金色の柔らかな冬毛に、白い花が驚くほどよく似合っている。
「きゅんっ!!」
コハクは嬉しさのあまり、店の中を弾丸のようにぴょんぴょんと跳ね回り始めた。
──『コハク:あかり、みて! わたし、おはな!』
──『コハク:ぐれいも、みて! かわいいでしょ!』
コハクは俺の足元をくるくると回った後、勢いよくカウンターの奥へと飛び込み、グレイの巨大な前足に前足をかけてアピールした。
グレイは、コーヒー豆を選別していた手を止め、足元で跳ね回る花冠の毛玉を見下ろした。
「…………」
長い沈黙。
グレイは鼻先を近づけ、ふん、と春の花の匂いを一度だけ嗅ぐと。
──『グレイ:……やかましい』
画面の端に、呆れたような短い字幕を落とした。
だが、その声なき字幕とは裏腹に。
グレイはコハクを追い払うことはせず、そのまま彼女が満足するまで足元で跳ね回るのを、静かに、そしてどこか優しげな黄金の瞳で見守っていた。

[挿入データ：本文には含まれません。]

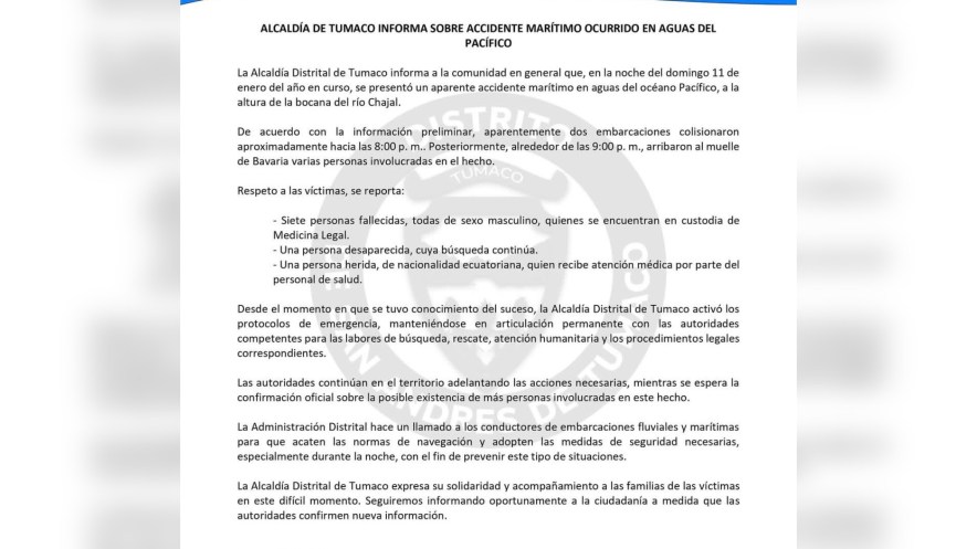 «Desde el momento en que se tuvo conocimiento del suceso, la Alcaldía Distrital de Tumaco activó los protocolos de emergencia, manteniéndose en articulación permanente con las autoridades competentes para las labores de búsqueda, rescate, atención humanitaria y los procedimientos legales correspondientes”, señaló.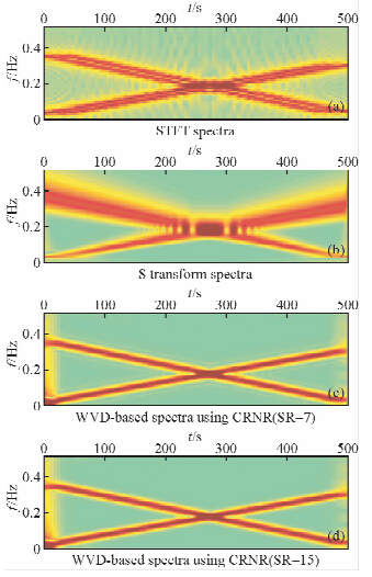 尽管WVD表达式在数学上为实函数,利用CRNR迭代计算的Wd(n,k)却为复数.因此,我们将随时间变化的Wd(n,k)的绝对值(模)定义为WVD时频分布.值得注意的是,整形算子的长度可控制谱分解的收敛速度和时频分辨率.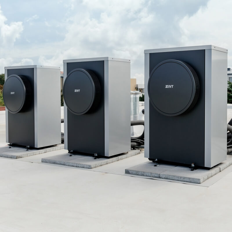 Vzduch–voda jednotka švédskeho výrobcu IVT s integrovaným zásobníkom TÚV 284 l. SCOP 5,16, COP 5,31 (7/35), COP 4,25 (2/35). IVT vyrába tepelné čerpadlá desaťročia — jednotky z 90. rokov sú stále v prevádzke. Variant AIR X S má znížený prietok vzduchu o 25 % pre tichšiu prevádzku, vhodný do hustejšej zástavby.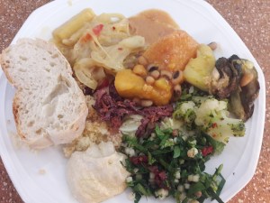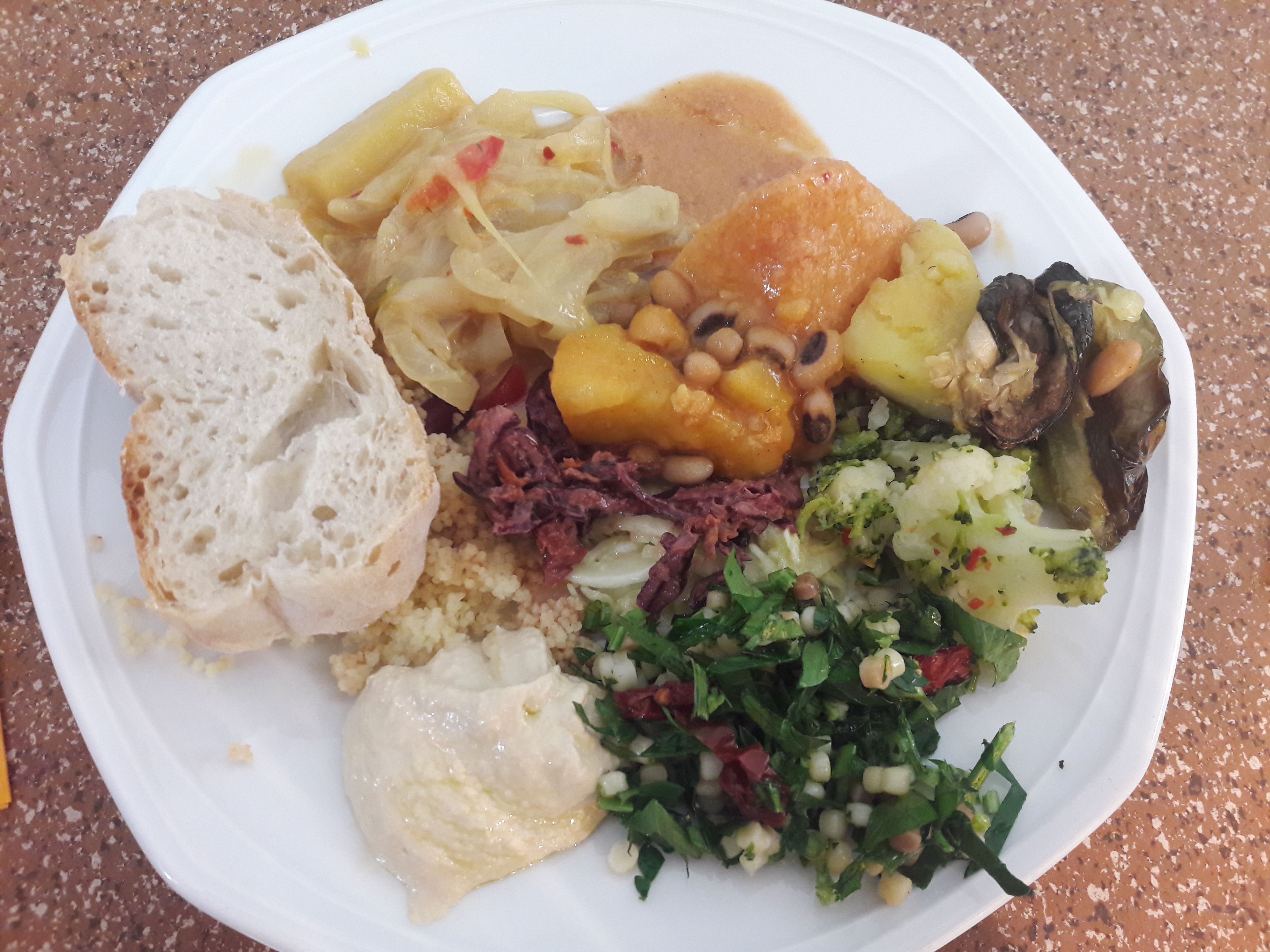 There were quite a lot of dishes to choose from, including two different kinds of hummus, an assortment of salads, some fluffy bread and crispy crackers, one aubergine antipasti dish, and a collection of African stews. There was a peanutty one that was very good indeed, and the hummus was also top notch. A pasta dish appeared at one point, but Dr HH reported that it was a pretty unexciting sauce. There was some falafel as well, briefly -that was good.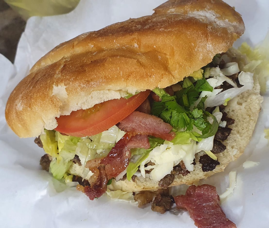 Carne, jamón, queso gratinado, tocino, aguacate, lechuga, tomate, cebolla, cilantro y mayonesa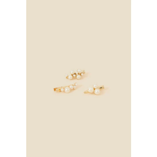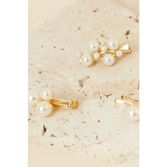 Crafted on mini gold salon clips, this set is designed with clusters of pearls that’ll add a pretty touch to any hairstyle. Simply slide them in to keep loose locks in place and you’re good to go! Three included.

「ははっ、似合ってるぞ、コハク。グレイも、本当は可愛いって思ってるさ」
俺が笑いながら言うと、グレイは「フン」と短く鼻を鳴らしてそっぽを向いた。
地下五十階層の、静かな最下層カフェ。
二百日目の記念すべき日は、深淵の底から届いた小さな春の匂いと、変わらない温かい笑顔に包まれながら、ゆっくりと過ぎていく。